In spite of having studied algae for more than 30 years, I learnt much from Slime. I knew of the distinguished British phycologist Kathleen Drew-Baker, who 70 years ago discovered the life cycle of Porphyra, an alga used to make the dietary staple nori in Japan. But I didn’t know that her work solved the mystery of why the nori harvest frequently failed in the years after the Second World War (all to do with typhoons and exploding mines); nor that there is a monument to her in Japan, where prayers are said every year on her birthday to honour her memory.

And I hadn’t really thought about who gave nineteenth-century microbiologist Robert Koch the idea of using agar, derived from a red alga, as a growth medium for bacteria. (Attempts to use gelatine failed because it melted at the temperatures needed for cultures.) It turns out to have been Angelina Fannie Hesse, lab assistant to, and wife of, Koch’s collaborator Walther Hesse. A recipe from friends in Asia for agar-based jams and jellies that didn’t melt in hot summers inspired her to suggest agar to solidify growth media. As Kassinger says, it seems unfair that Koch’s assistant Julius Petri is famous the world over for his eponymous dish, but that Fannie Hesse is rarely remembered for its contents.

Slime is far from being a collection of interesting historical anecdotes, however. Contemporary topics are also covered, in a clear and balanced way. These include the (over)excitement associated with algal biofuels, the looming disaster that is coral bleaching (when coral cells turn white after losing their symbiotic dinoflagellate algae, probably because of rising temperatures), and attempts to preserve corals by growing them in nurseries.

I was distracted by the frequent description of the features of the people Kassinger met (“tall, slender, and white-haired”; “with a round bald head and a linebacker’s physique”; or even like a saxophonist in a jazz club). And she tends to focus on US-based entrepreneurs, despite the wealth of work elsewhere. But these are small quibbles set against what the book achieves in communicating the beauty (there are some very attractive drawings), interest and importance of algae.
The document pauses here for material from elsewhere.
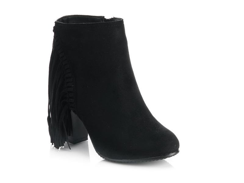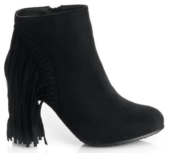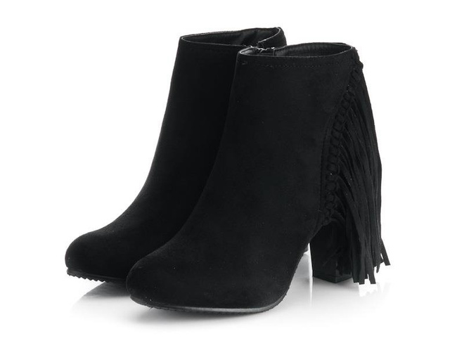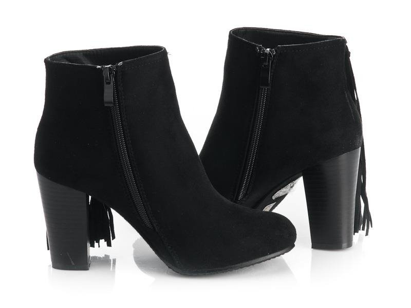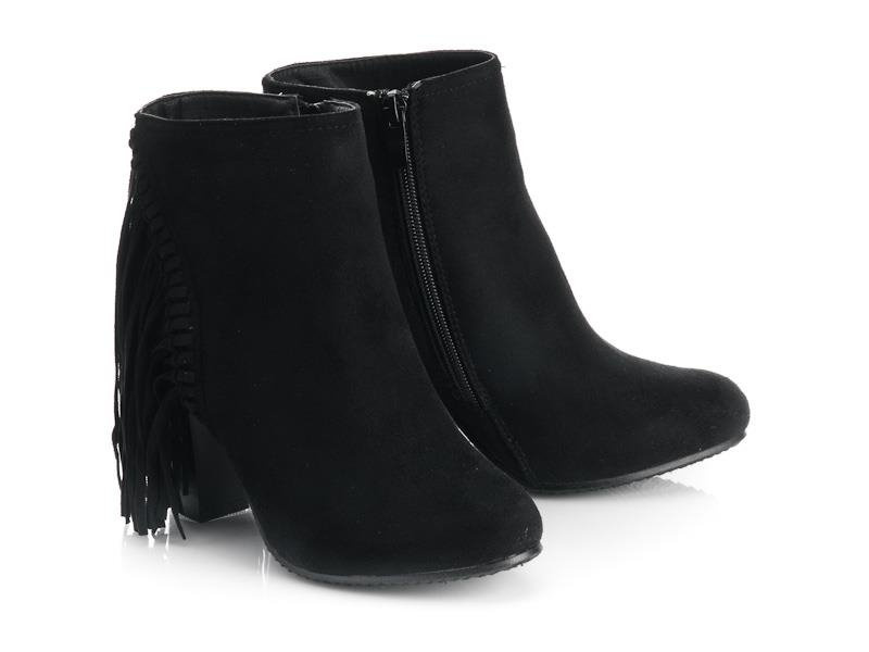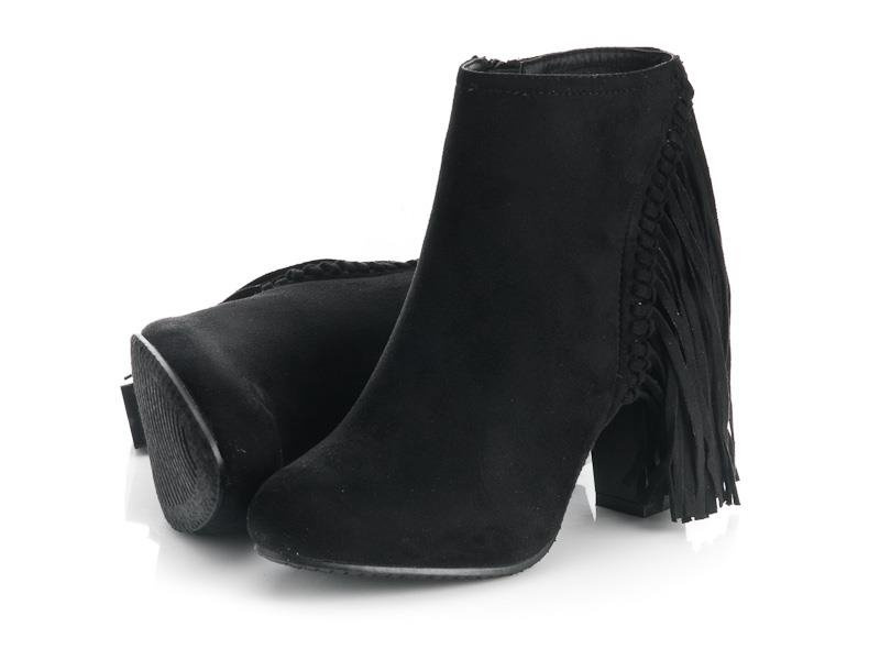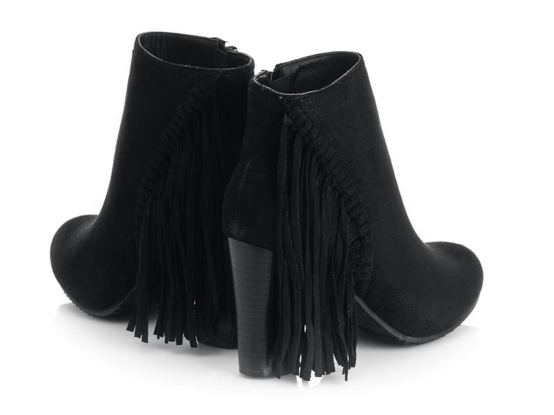 CZARNE, ZAMSZOWE BOTKI NA SŁUPKU Z FRĘDZLAMI. STYLOWE I BARDZO WYGODNE.

Some years ago, a friend who was president of the British Phycological Society — phycology being the study of algae — declared his goal to raise the profile of algae, so that anyone searching for the society’s name online was not asked ‘Did you mean British Psychological Society?’. Kassinger’s compelling book should help hugely. There is something for everyone, from committed phycologists to people who hitherto (but hopefully no longer) regarded algae as an inconvenience or worse. Blanket weed may never seem the same again.